Oral decitabine and cedazuridine maintenance after haematopoietic stem-cell transplantation in very high-risk acute myeloid leukaemia or myelodysplastic syndrome (GFM-DACORAL-DLI): a multicentre, single-arm, phase 2 trial

Abstract

Background: The combination of a hypomethylating agent with donor lymphocyte infusion as maintenance therapy after haematopoietic stem-cell transplantation (HSCT) in acute myeloid leukaemia and myelodysplastic syndrome might reduce the risk of relapse. We aimed to evaluate the activity and safety of oral decitabine and cedazuridine (ASTX727) as maintenance after allogeneic HSCT in patients with acute myeloid leukaemia or myelodysplastic syndrome at very high risk of relapse post-transplantation.

Methods: We conducted a multicentre, single-arm, phase 2 study (GFM-DACORAL-DLI) at 12 centres in France. We enrolled patients aged 18-70 years with an Eastern Cooperative Oncology Group performance status of 0-2, without contraindication for HSCT, and with very high-risk disease (poor or very poor prognosis according to the revised International Prognostic Scoring System for myelodysplastic syndrome, adverse risk according to the 2017 European LeukemiaNet classification for acute myeloid leukaemia; unfavourable genetics; and acute myeloid leukaemia post-myelodysplastic syndrome or post-myeloproliferative neoplasm, or relapsing less than 2 years after complete response). Patients were included 5-45 days before transplantation. ASTX727 was orally administered at escalating doses (100 mg cedazuridine plus 35 mg decitabine starting at 1 day per cycle and increasing to 3 days) from day 40 post-HSCT, up to ten cycles. Donor lymphocyte infusion was recommended when patients had no contraindication after cycle 4. The primary endpoint was disease-free survival at 1 year after HSCT, assessed in the first 28 enrolled patients treated with ASTX7277. Safety was assessed in all participants who received at least one course of ASTX727. This study was registered with ClinicalTrials.gov (NCT04857645); enrolment is complete but follow-up is ongoing.

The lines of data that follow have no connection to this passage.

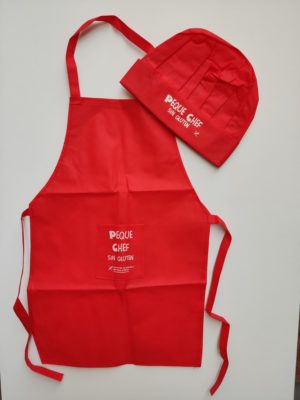 Delantal fabricado en tejido non-woven, de talla única, para niños. Disponen de bolsillo central y su gorro de cocina, para el chef de la casa.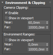Depending on what camera you use, the parameters could be located in different places. In CoronaCamera there is an Environment & Clipping tab (Chaos Corona), and in VRayPhysicalCamera, the name is Clipping & Environment instead. In standard PhysCamera clipping settings are hidden under Miscellaneous. Uncheck the Enable box or adjust the Near value, and your objects will appear again.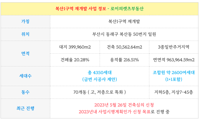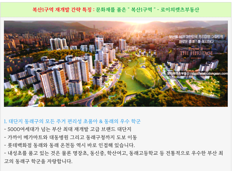 동래구 복산1구역 재개발 의 특징을 다시 한번 간략히 정리하였습니다.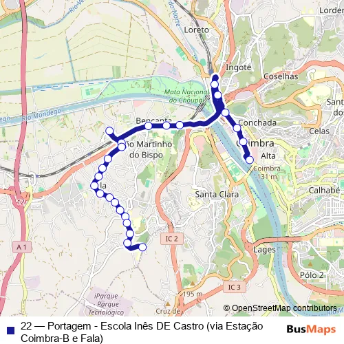 The first stop of the 22 bus route is Portagem and the last stop is Escola Inês de Castro. 22 (Portagem - Escola Inês DE Castro (via Estação Coimbra-B e Fala)) is operational during everyday.
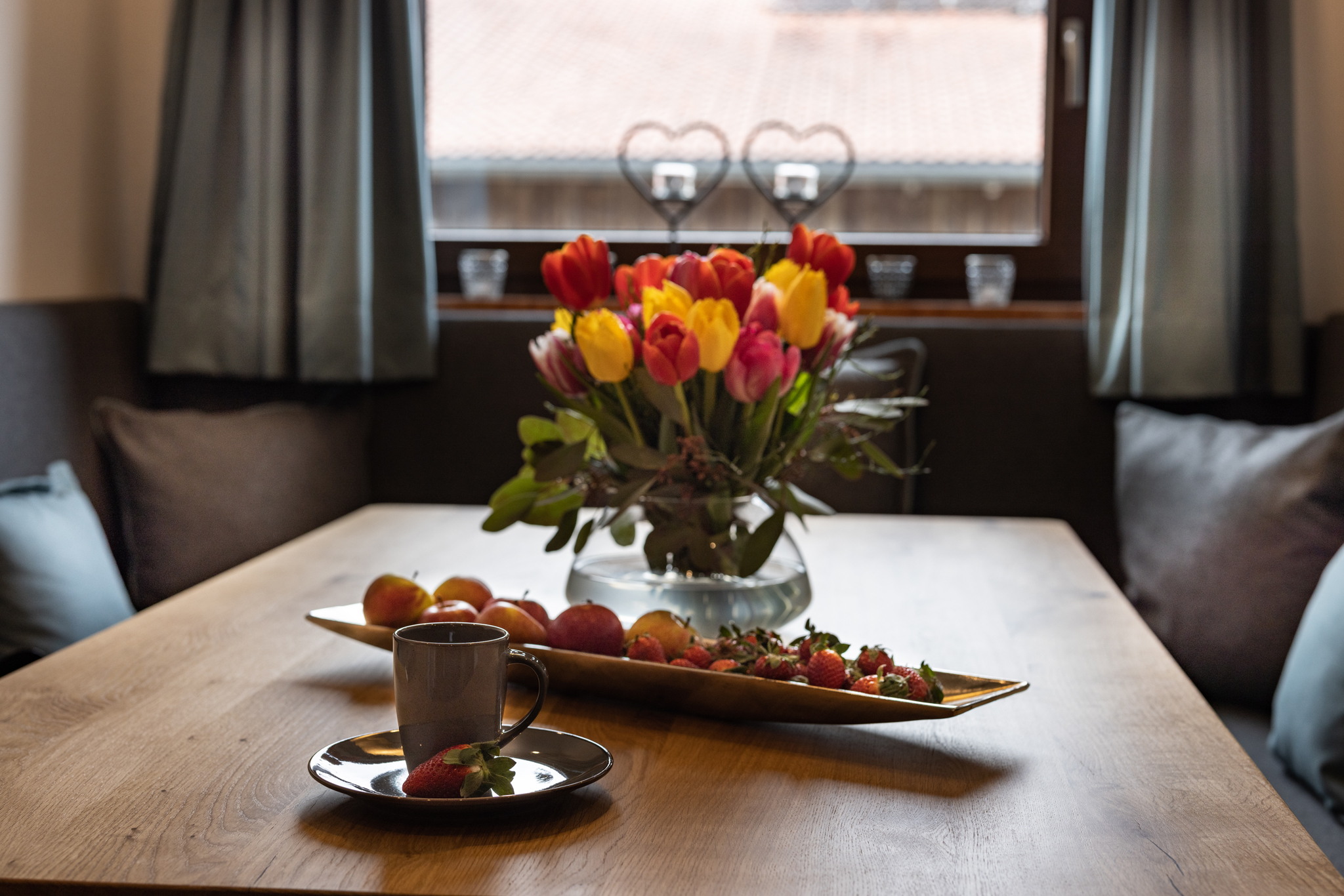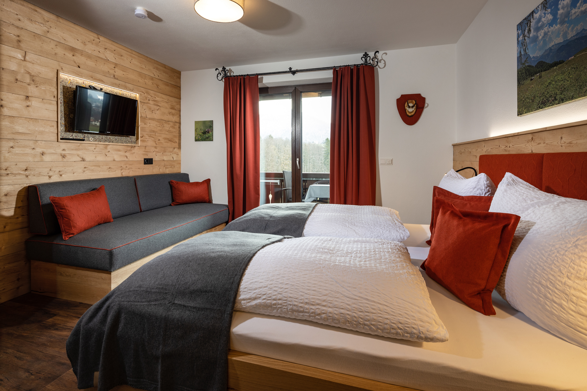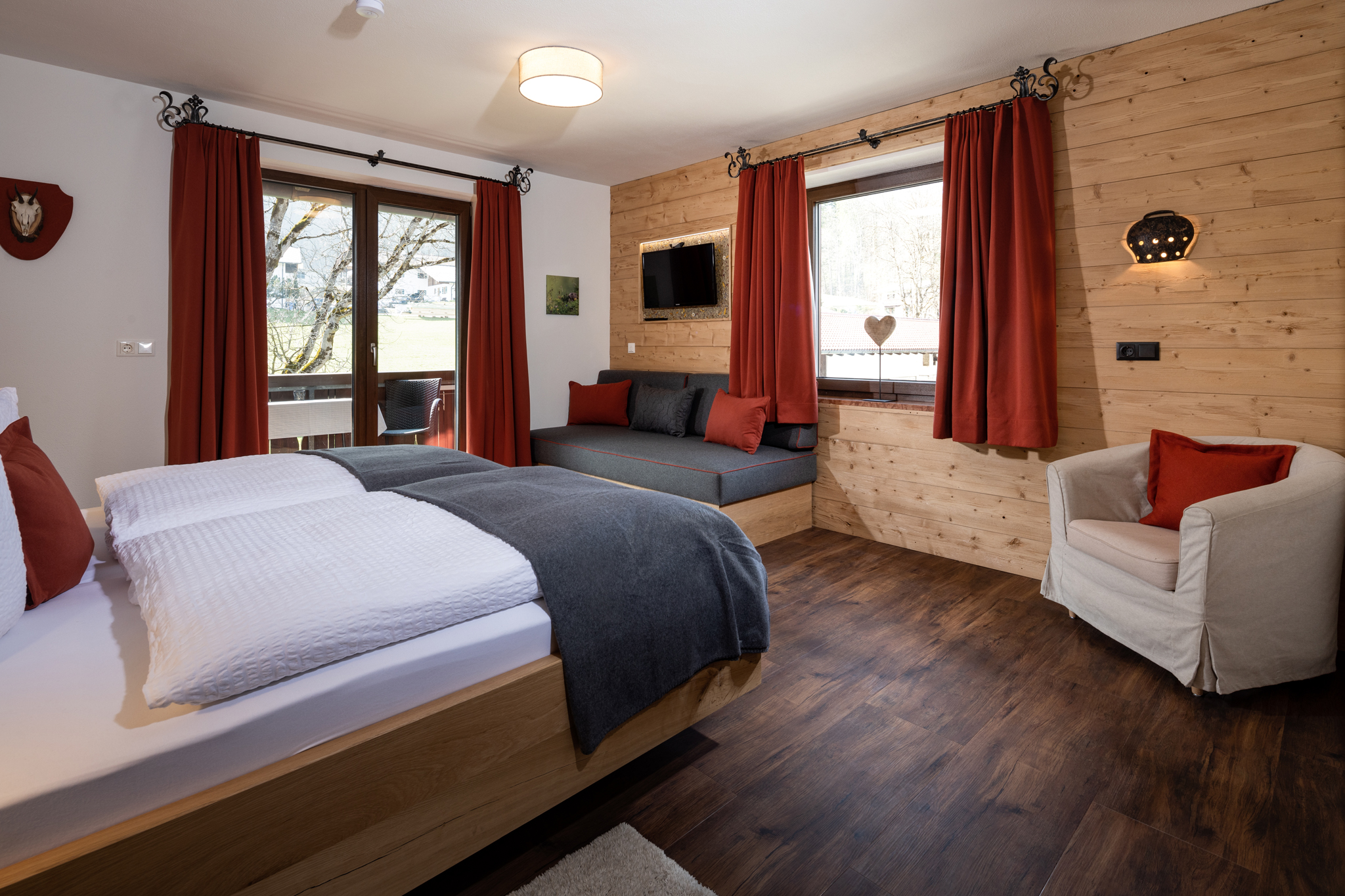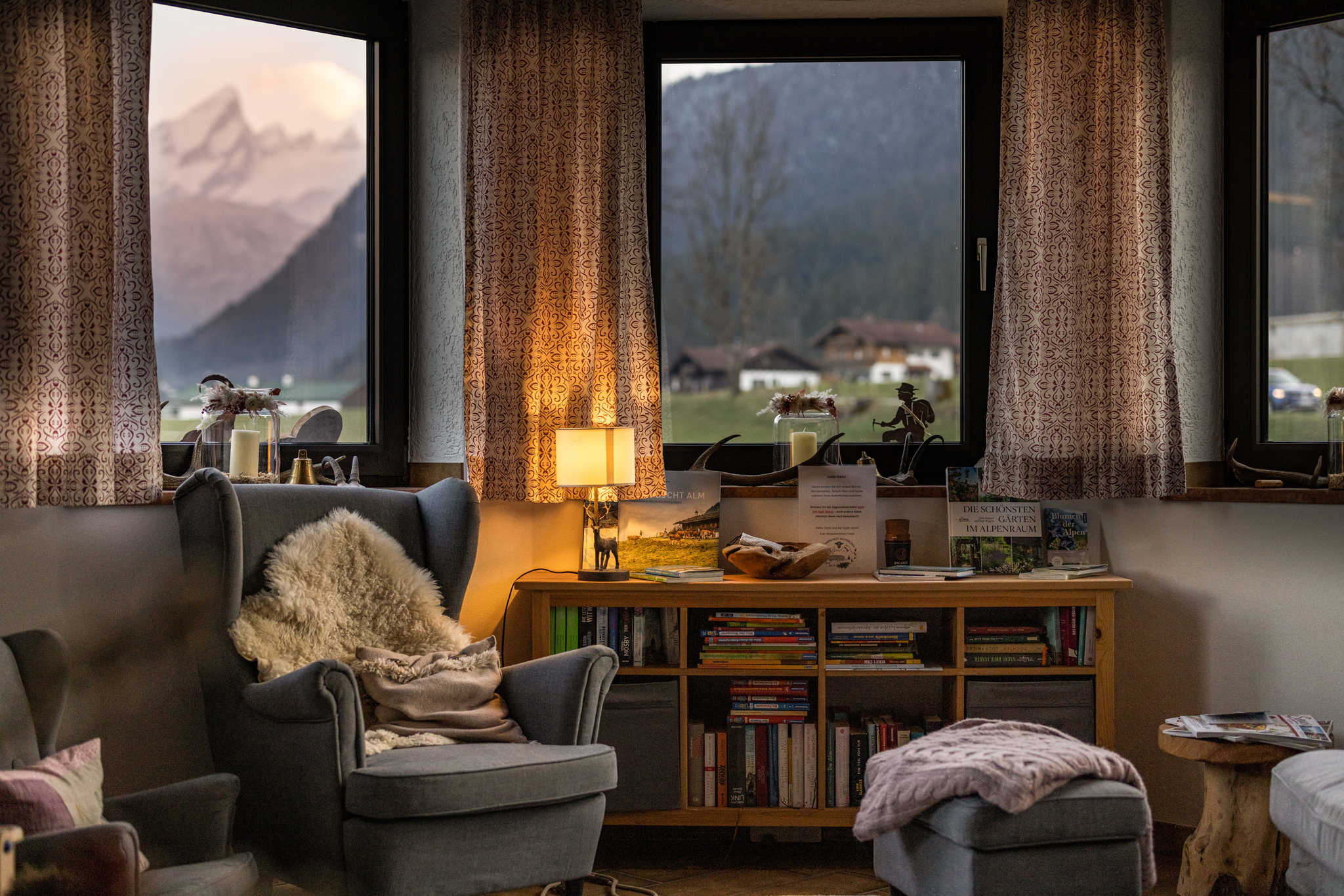 Sie suchen Erholung in einer Ferienwohnung, die komplett ausgestattet ist, bei traumhaftem Bergpanorama inmitten der Natur liegt und von der aus Sie ideal Ihre Ausflugsziele erreichen? Dann sind Sie bei uns richtig!Unsere Ferienwohnung Alpendistel eignet sich perfekt für den Urlaub als Familie oder mit Freunden und bietet für Sie:- Verfügbarkeit bis zu 6 Personen- zwei Balkone mit herrlichem Bergblick- zwei separate Schlafräume mit Massivholzbetten und jeweils einer bequemen Schlafcouch und Flachbildfernseher- zwei separate Badezimmer mit Regendusche- eine komplett ausgestattete Küchenzeile mit Herd, Backofen, Kühlschrank, Geschirrspülmaschine, Kaffeemaschine, Wasserkocher und Toaster- eine gemeinsame Wohnstube mit gemütlicher Eckbank- eine Fußbodenheizung, die für angenehme Wärme sorgt- kostenlose WLAN-Nutzung- Hand- und Geschirrtücher, sowie Bettwäsche- Wäscheständer und Bügelbrett, sowie Wäscheservice auf Anfrage- täglicher Semmelservice und großzügige Getränkeauswahl im Haus- wöchentlicher WäschewechselAlle Möbel wurden exklusiv von einer heimischen Schreinerei gefertigt.

Findings: Between Sept 28, 2021, and March 1, 2023, 59 patients were screened and 51 patients underwent allogeneic HSCT (median age 62·0 years [IQR 56·5-65·0]; 22 [43%] female, 29 [57%] male). 34 patients received maintenance treatment with ASTX727; seven of them received at least one donor lymphocyte infusion. 14 (41%) patients completed the ten cycles. Median follow-up was 12·6 months (IQR 10·3-14·3). Among the first 28 enrolled patients treated with ASTX727, disease-free survival at 1 year after HSCT was 70·4% (95% CI 55·1-89·9). The most frequent grade 3 or worse adverse events were haematological, occurring in 25 (74%) of 34 patients (21 [62%] neutropenia, eight [24%] thrombocytopenia, four [12%] anaemia). Serious adverse events occurred in 14 (41%) of 34 patients, and were haematological in eight patients and gastrointestinal in three patients. One treatment-related death, due to thrombocytopenia, occurred.

Interpretation: ASTX727 could be a potential treatment option after HSCT in patients with acute myeloid leukaemia or myelodysplastic syndrome at very high risk of relapse. Further investigation is warranted to establish the efficacy and safety of this therapeutic approach.

Funding: Taiho Oncology and Astex Pharmaceuticals.